> EXERCISE PROMPT:
Give again, unaltered, the lines of the listing below that run from the line having "一开始看到mamazon就想" through the line having "Во многих немецких".

---------- EXERCISE MATERIALS

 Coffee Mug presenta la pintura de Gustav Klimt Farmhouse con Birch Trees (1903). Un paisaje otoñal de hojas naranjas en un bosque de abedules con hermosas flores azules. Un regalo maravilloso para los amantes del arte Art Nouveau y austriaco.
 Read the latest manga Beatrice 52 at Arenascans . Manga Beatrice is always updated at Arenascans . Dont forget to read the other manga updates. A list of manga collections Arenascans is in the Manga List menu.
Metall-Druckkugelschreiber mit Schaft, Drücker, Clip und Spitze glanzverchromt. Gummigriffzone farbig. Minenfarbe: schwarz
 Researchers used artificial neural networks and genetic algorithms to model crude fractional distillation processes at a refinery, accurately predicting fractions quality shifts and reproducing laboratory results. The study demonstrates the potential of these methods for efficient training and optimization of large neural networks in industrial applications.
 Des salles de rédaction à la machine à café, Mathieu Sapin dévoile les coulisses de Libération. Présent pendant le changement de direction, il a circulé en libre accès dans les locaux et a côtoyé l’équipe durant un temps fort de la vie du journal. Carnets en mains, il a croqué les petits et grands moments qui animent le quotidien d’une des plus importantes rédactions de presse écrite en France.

--------------------
---------- EXERCISE MATERIALS

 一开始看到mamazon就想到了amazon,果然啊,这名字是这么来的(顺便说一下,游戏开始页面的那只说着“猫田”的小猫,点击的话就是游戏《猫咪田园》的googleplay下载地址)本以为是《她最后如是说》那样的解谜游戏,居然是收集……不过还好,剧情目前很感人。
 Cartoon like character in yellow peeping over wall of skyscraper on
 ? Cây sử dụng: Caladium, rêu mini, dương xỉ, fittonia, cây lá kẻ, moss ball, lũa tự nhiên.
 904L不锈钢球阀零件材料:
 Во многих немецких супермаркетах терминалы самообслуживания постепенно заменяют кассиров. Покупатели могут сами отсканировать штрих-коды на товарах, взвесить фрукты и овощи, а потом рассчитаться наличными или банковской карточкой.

--------------------
---------- EXERCISE MATERIALS

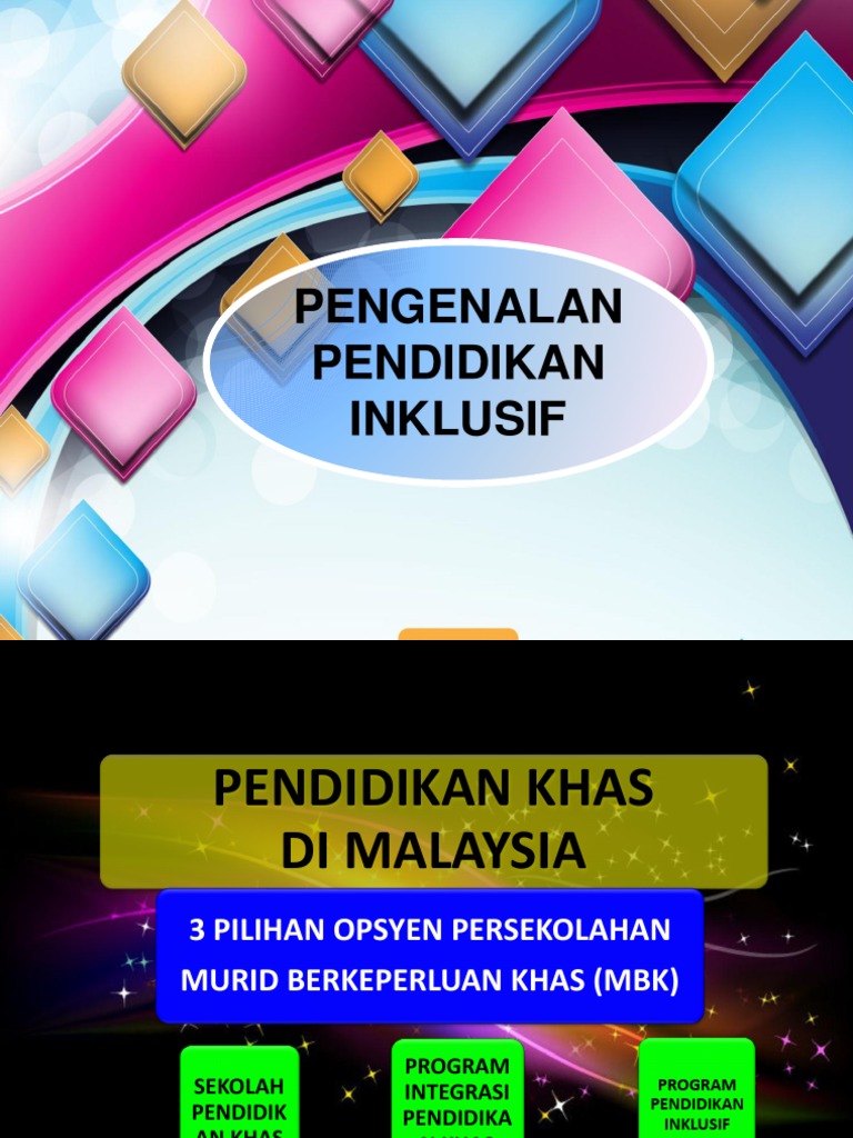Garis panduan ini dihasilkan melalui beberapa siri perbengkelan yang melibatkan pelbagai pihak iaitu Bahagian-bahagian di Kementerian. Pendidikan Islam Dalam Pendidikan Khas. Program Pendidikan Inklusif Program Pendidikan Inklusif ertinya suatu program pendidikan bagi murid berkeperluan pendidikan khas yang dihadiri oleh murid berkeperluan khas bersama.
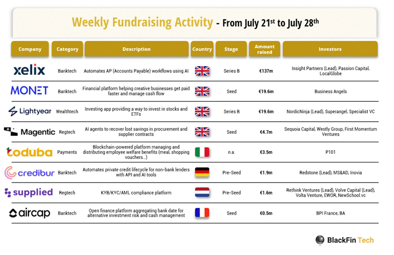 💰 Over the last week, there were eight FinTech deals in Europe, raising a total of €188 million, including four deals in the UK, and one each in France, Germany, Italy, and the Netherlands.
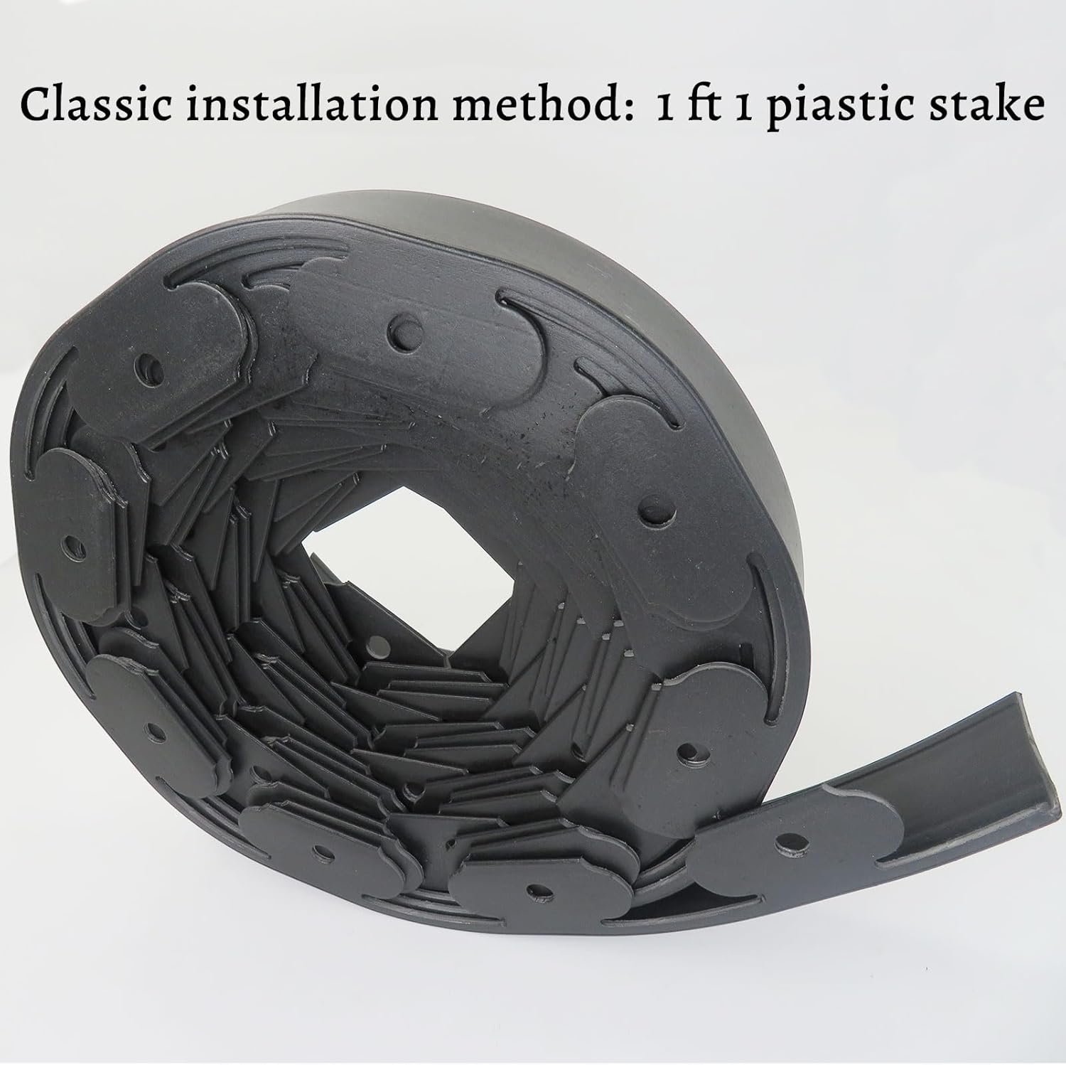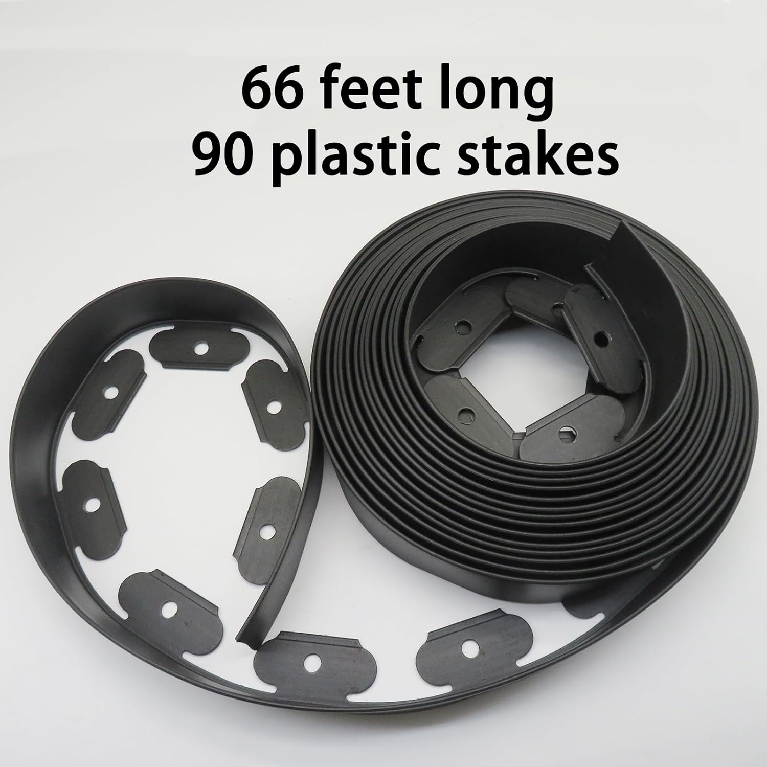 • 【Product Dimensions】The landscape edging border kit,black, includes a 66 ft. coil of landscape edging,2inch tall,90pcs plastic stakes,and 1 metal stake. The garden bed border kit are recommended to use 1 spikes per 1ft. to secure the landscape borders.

--------------------

> EXPECTED OUTPUT:
 一开始看到mamazon就想到了amazon,果然啊,这名字是这么来的(顺便说一下,游戏开始页面的那只说着“猫田”的小猫,点击的话就是游戏《猫咪田园》的googleplay下载地址)本以为是《她最后如是说》那样的解谜游戏,居然是收集……不过还好,剧情目前很感人。
 Cartoon like character in yellow peeping over wall of skyscraper on
 ? Cây sử dụng: Caladium, rêu mini, dương xỉ, fittonia, cây lá kẻ, moss ball, lũa tự nhiên.
 904L不锈钢球阀零件材料:
 Во многих немецких супермаркетах терминалы самообслуживания постепенно заменяют кассиров. Покупатели могут сами отсканировать штрих-коды на товарах, взвесить фрукты и овощи, а потом рассчитаться наличными или банковской карточкой.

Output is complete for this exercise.